* _GIVEN DATA_
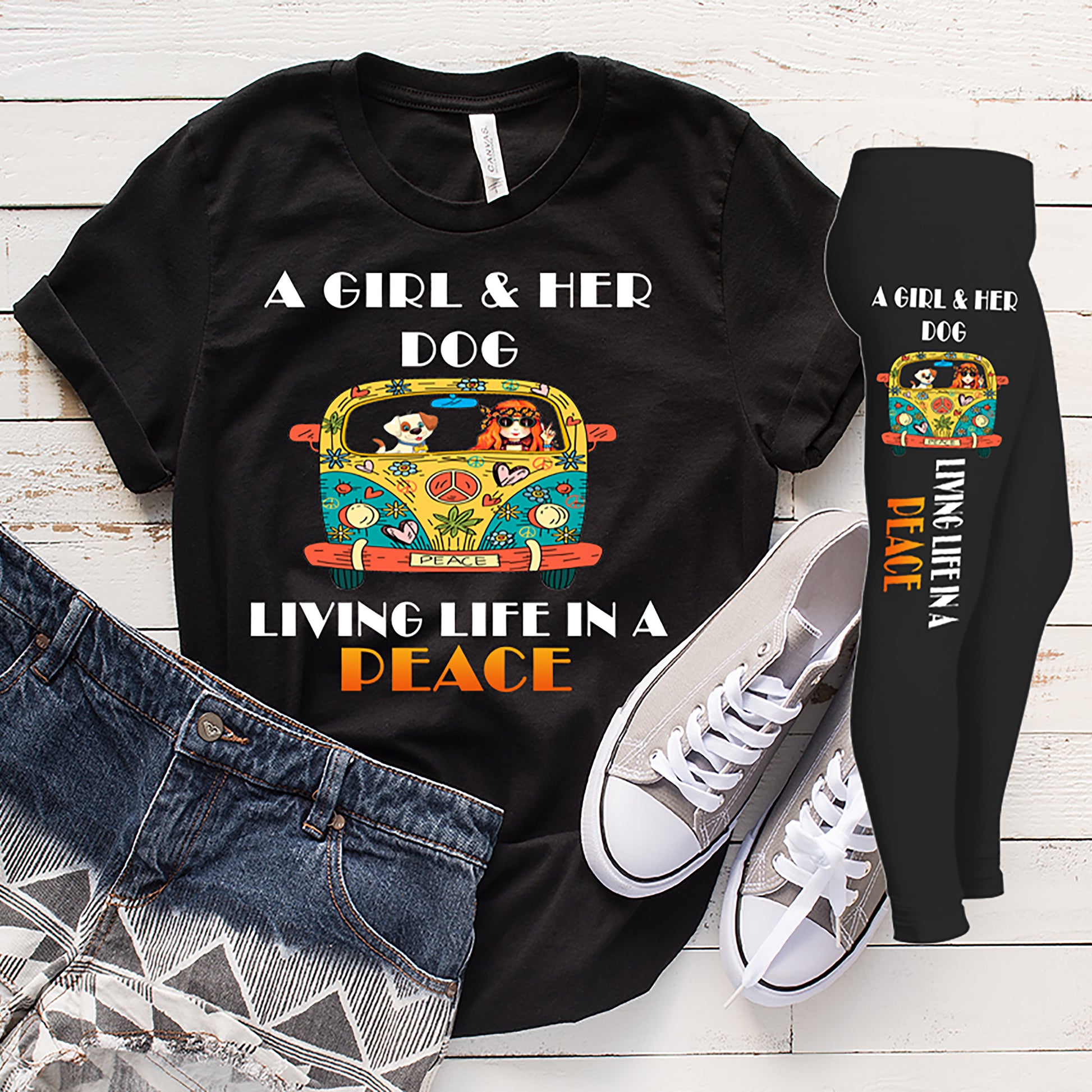 "Combo Pack Of"(A GIRL AND HER DOG LIVING LIFE IN A PEACE) "shirt and legging combo for women"(Flat Shipping)
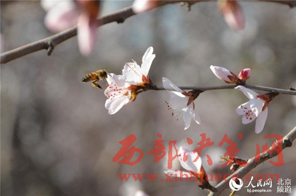 綻放的春花也吸引了蜜蜂來(lái)采蜜。
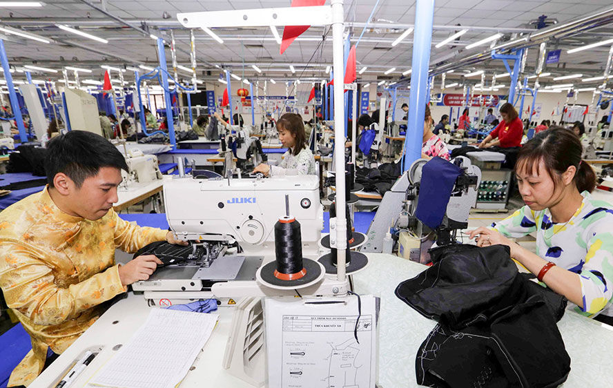 Hiệp định EVFTA sẽ tạo thêm 146.000 vị trí việc làm tại Việt Nam mỗi năm, tập trung vào các ngành như dệt may, da giày. May hàng xuất khẩu sang thị trường châu Âu tại Tổng công ty May 10 (Sài Đồng, quận Long Biên). Ảnh : hanoimoi.com.vn
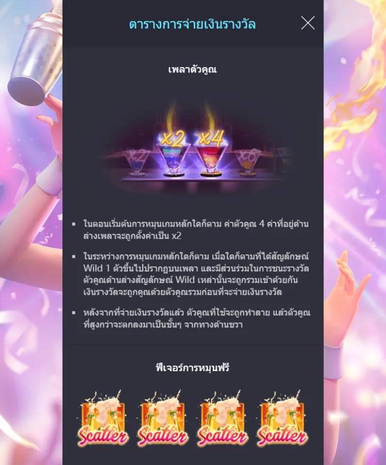 - ทุกครั้งที่สัญลักษณ์เข้าไลน์ชนะ เกมจะคำนวณรางวัลโดยอิงตามจำนวนสัญลักษณ์ที่ต่อเนื่องจากเพลาซ้ายสุดไปทางขวา ทำให้แต่ละรอบเต็มไปด้วยความลุ้น และความรู้สึกเหมือนกำลัง เขย่าค็อกเทล แห่งโชคอยู่ในมือจริงๆ
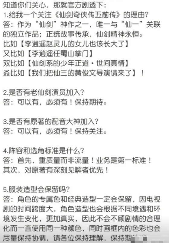 大家对于仙剑五讲述的内容和演员的阵容等等问题都非常好奇。官方也对部分问题作出了回答,如不仅会有老仙剑演员加入仙剑五,还有一些原著的配音大神们也会加入。官方表示选角的第一标准是业务,还会保留角色的经典造型。这真可谓是非常有心了。
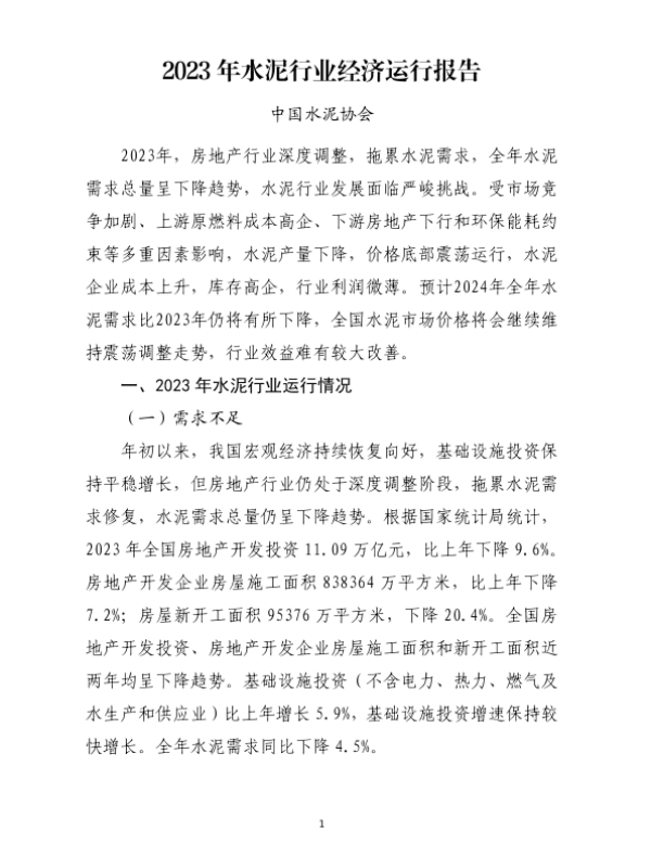 【中国水泥协会】【20230101】2023年水泥行业经济运行报告-8页
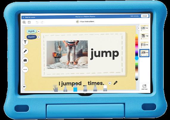Students explore new vocabulary in developmentally appropriate ways. Built-in scaffolds support students to explore inputs, practice oral language production, and use vocabulary in complete sentences.
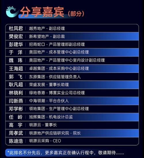 今年,将有1500位“行业最强大脑”,一同问道地产供应链未来,包括标杆房企总裁、采购总/成本总,品牌供应商领军人,地产行业联盟高层,供应链资深专家等。

* _WHAT IS REQUIRED_
With the pictures left out, restate word for word every line of the data above, from the first down to the line that contains "Hiệp định EVFTA".

* _ANSWER AREA_
 "Combo Pack Of"(A GIRL AND HER DOG LIVING LIFE IN A PEACE) "shirt and legging combo for women"(Flat Shipping)
 綻放的春花也吸引了蜜蜂來(lái)采蜜。
 Hiệp định EVFTA sẽ tạo thêm 146.000 vị trí việc làm tại Việt Nam mỗi năm, tập trung vào các ngành như dệt may, da giày. May hàng xuất khẩu sang thị trường châu Âu tại Tổng công ty May 10 (Sài Đồng, quận Long Biên). Ảnh : hanoimoi.com.vn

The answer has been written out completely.